Il est fait renvoi aux écritures susvisées pour un plus ample exposé des éléments de la cause, des moyens et prétentions des parties, conformément aux dispositions de l'article 455 du code de procédure civile.
MOTIFS
Sur la demande en paiement des charges du Gie
Pour arrêter la créance du Gie à la date du 05 février 2021, le tribunal a considéré que la résolution de son assemblée générale prévoyant une date plus tardive que celle prévue aux statuts pour l'exclusion de la Sas Alyanse Partenaires constituait une dérogation accordée à cette dernière dans son seul intérêt, de sorte qu'elle pouvait y renoncer à tout moment et qu'il était contraire au principe de bonne foi contractuelle de vouloir la contraindre à demeurer membre au-delà de cette date alors qu'elle n'occupait plus les locaux.
Selon l'article 1103 du Code civil, les contrats légalement formés tiennent lieu de loi à ceux qui les ont faits.
L'article 13 des statuts du Gie Caldéo relatif à l'exclusion d'un membre prévoit « l'exclusion d'un membre ne peut avoir lieu que sur décision de l'Assemblée Générale Extraordinaire des membres »,
« l'exclusion prend et produit ses effets dans les mêmes conditions et sous les mêmes réserves que le retrait »
et « le membre exclu reste engagé dans les mêmes conditions que le membre qui se retire ».
L'article 12 relatif au retrait d'un membre prévoit « chaque membre du groupement peut, à tout moment, se retirer, sous réserve de faire connaître sa décision au président au conseil d'administration ou à l'administrateur unique en exercice, ainsi qu'au contrôleur de gestion et contrôleur des comptes, six mois au moins avant la date souhaitée pour le retrait, par lettre recommandée avec demande d'avis de réception.
(')Vis-à-vis du groupement et de ses membres, le retrait est réputé accompli à compter de l'expiration du préavis de six mois commençant à courir le jour de la réception de la lettre du membre les informant de son intention. »
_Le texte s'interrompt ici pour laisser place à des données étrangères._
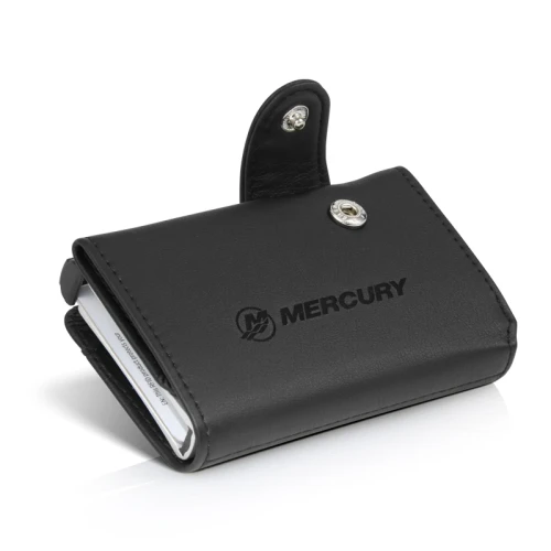 Klassiske kortholder med Mercury-logo på forsiden.

En application de ces dispositions, l'exclusion d'un membre prend effet à l'expiration d'un délai de six mois avant la date souhaitée par ce membre.
La résolution prise à l'unanimité des membres de l'assemblée générale extraordinaire du Gie Caldé du 12 mai 202 a ici « décidé d'exclure la société Alyanse Partenaires des membres du Gie Caldéo. Cette exclusion prendra effet le 30 juin 2021. Il est précisé que dans l'intervalle, la société Alyanse Partenaires continuera de bénéficier des prestations du Gie afin de ne pas désorganiser l'entreprise ».
Par le vote de cette résolution, auquel la Sas Alyanse Partenaires a participé, les membres du Gie ont exprimé leur volonté de lui accorder de manière dérogatoire un délai de préavis plus long que celui prévu aux statuts.
Le vote de la Sas Alyanse Partenaires n'a rien changé à la décision d'exclusion, celle-ci ayant pu être prise en application des statuts en son absence, dès lors qu'elle a été convoqué au moins quinze jours à l'avance.
En s'y associant, elle a cependant accepté les modalités dérogatoires de son exclusion, qui n'auraient pu lui être imposées si elle avait voté contre ou s'était abstenue.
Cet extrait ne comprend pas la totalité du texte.